So let's try out this shiny new function, but first let's increase the difficulty level by adding a new requirement to our comment system.
So what we wanna do is we allow level three headings, and we mark a level three heading by putting three hashes at the start of a line.
So here's a function that'll do that for us.
And once again, it's not super important how it works.
It's a regular expression that looks for three hashes at the start of a line followed by some whitespace.
If it finds that it grabs the rest of the line and makes that a heading.
So we've got four functions to run in our composition.
And we use our shiny new 'compose' function like this.
And to me, this looks rather neat.
We've got a new function 'processComment' that's composed of four small single responsibility functions joined together.
But there is a small difficulty with this function.
And that is, we end up writing our functions in the reverse order of how they execute.
That is we've written 'headalize' last, but it's actually the first function that runs.
And if we map it out, the data flows through this processComment function like this.
So we pass the first value into headlalize, then the result of that into emphasize and then into imagify and so on.
So the data's flowing from right to left or bottom to top as the case may be.
And as I've been saying, it works that way, because if we wrote that composition out by hand, it would be the innermost function headalize that we want to call first.

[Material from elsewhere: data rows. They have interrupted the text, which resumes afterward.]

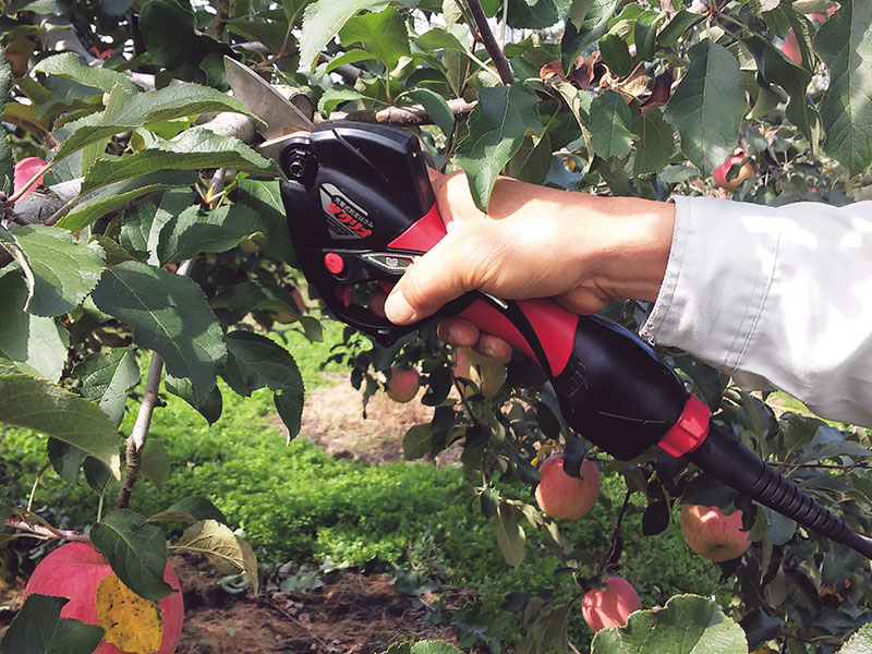 独自の両刃可動でハイパワー&キレイな切り口! 梨・梅・柿・桃・ぶどう・柑橘類など果樹の剪定作業に便利な充電式剪定はさみ。
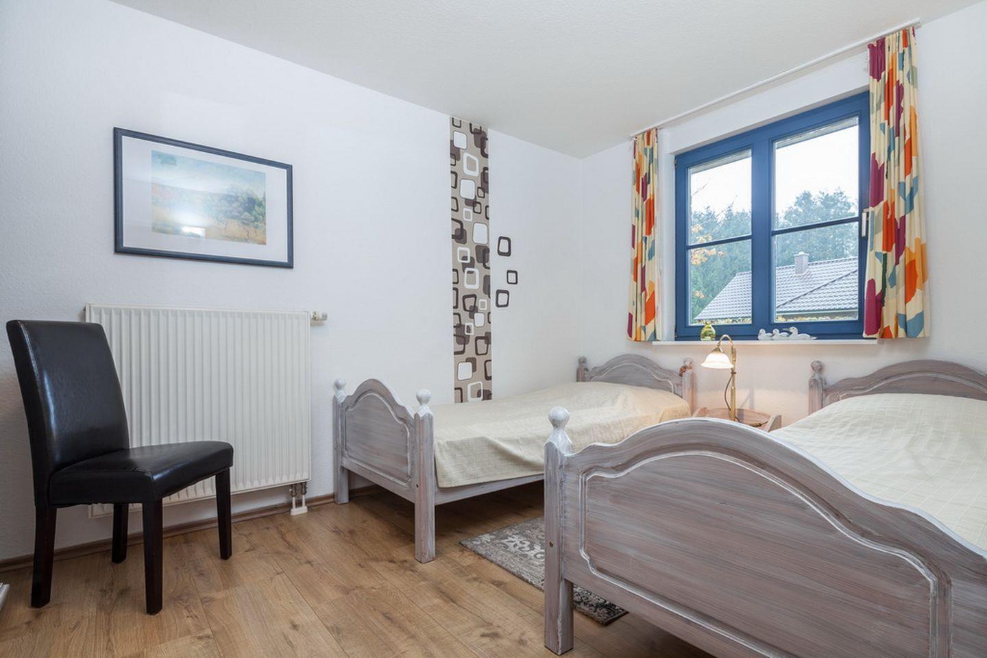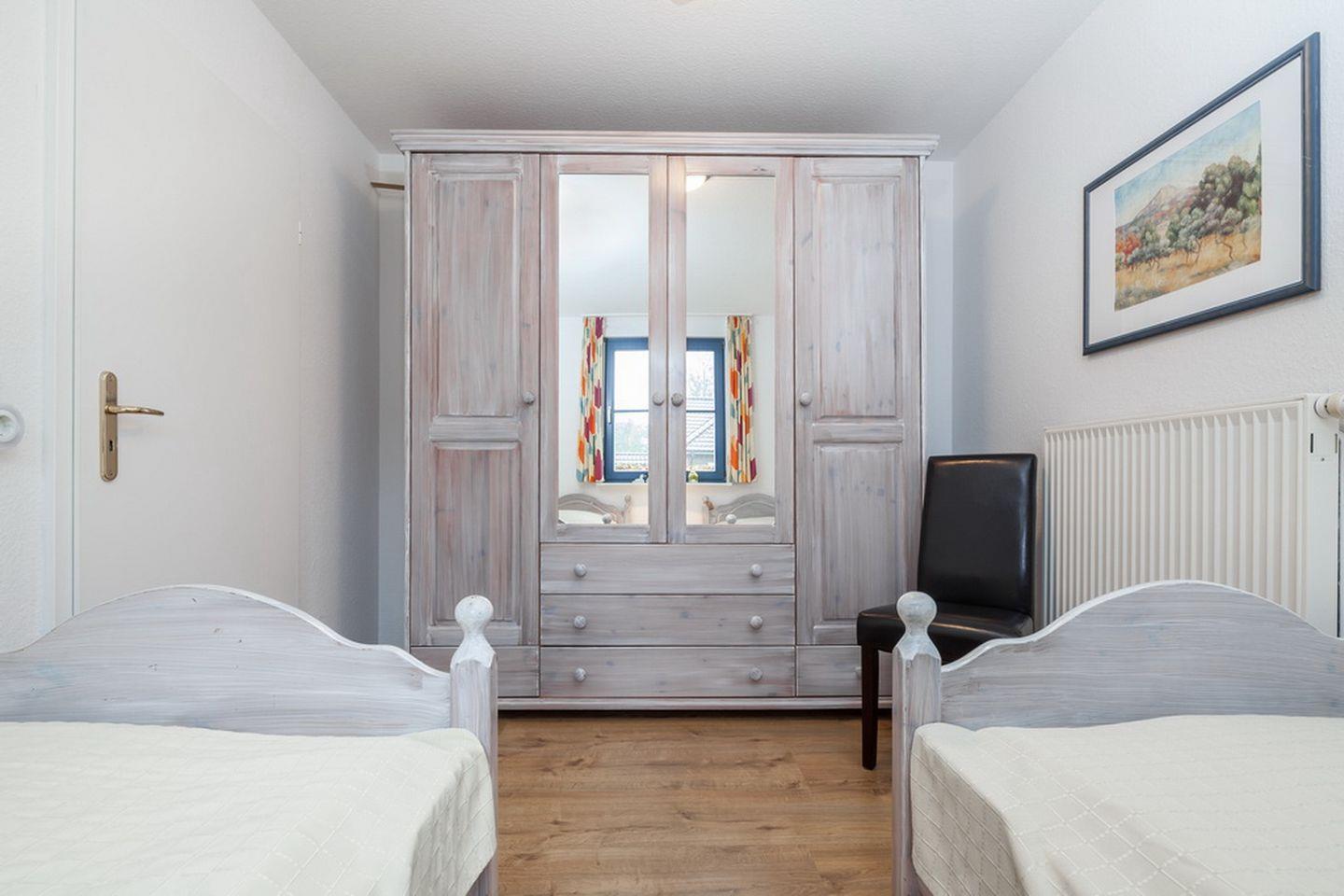 Das separate Schlafzimmer ist mit zwei Einzelbetten (90 x 200 cm) und einem geräumigen Kleiderschrank für deine Urlaubsgarderobe ausgestattet. Der Bodenbelag ist Laminat. Ein weiterer Garderobenschrank befindet sich auf dem Flur. An allen Fenstern der Wohnung sind Außenjalousien zur Abdunkelung angebracht.
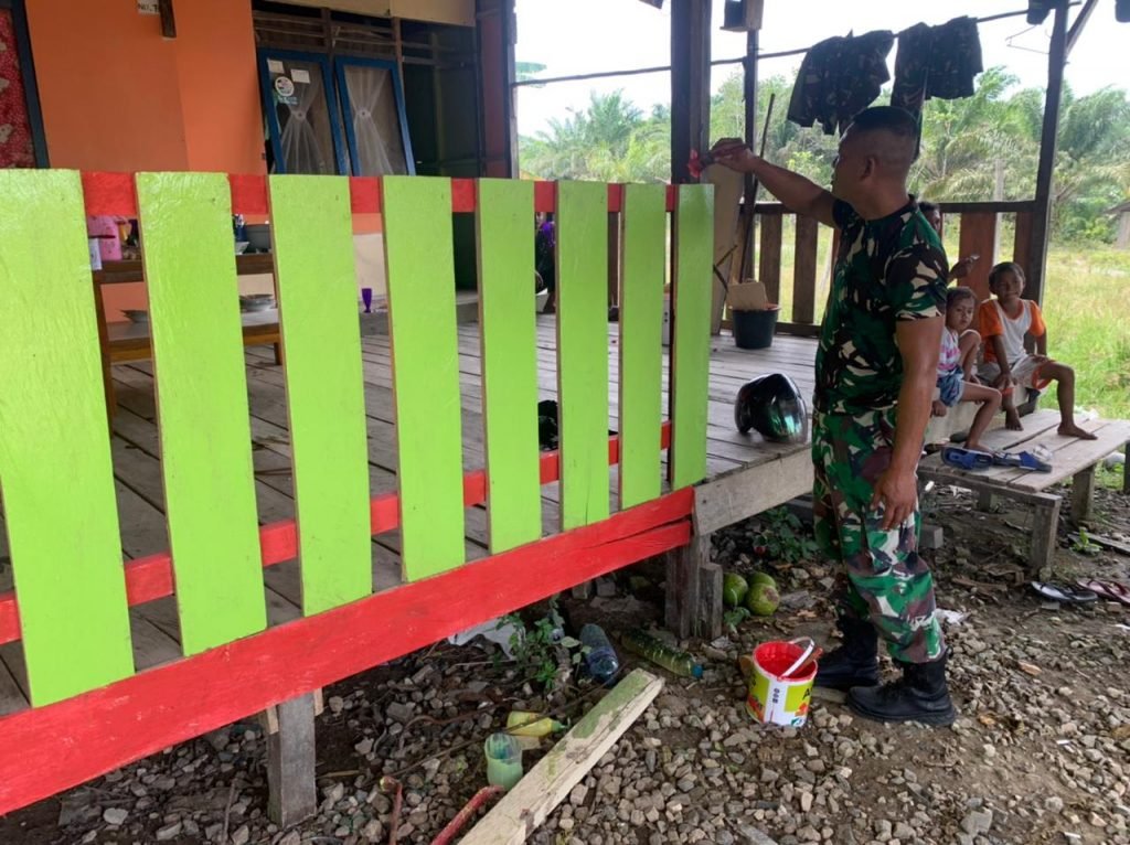 “Rumah ibu Sri Astuti warnanya sudah pudar sehingga dengan cepat Danpos Berjongkong membantu cat dan melakukan pengecatan rumah ibu Sri sehingga terlihat bersih dan rapih kembali,” ujar Dansatgas.

And that's why we we're using reduceRight.
We go wanna preserve that order.
But if we're gonna write out our compose functions in a vertical list, like this one, there's no reason why we can't create a composition function that composes in the opposite direction.
That way we could have the data flowing from left to right or top to bottom as the case may be.
And it would flow more naturally.
And so we'll call that function "flow".
So to create flow, all we do is we replace that reduceRight with reduce, and it looks like this.
As you can see, the only difference is that reduce method call.
Now to show, show it off in action.
What we're gonna do is we're gonna add yet another requirement to our comment processing system.
We wanna allow for text between back ticks to be formatted as code.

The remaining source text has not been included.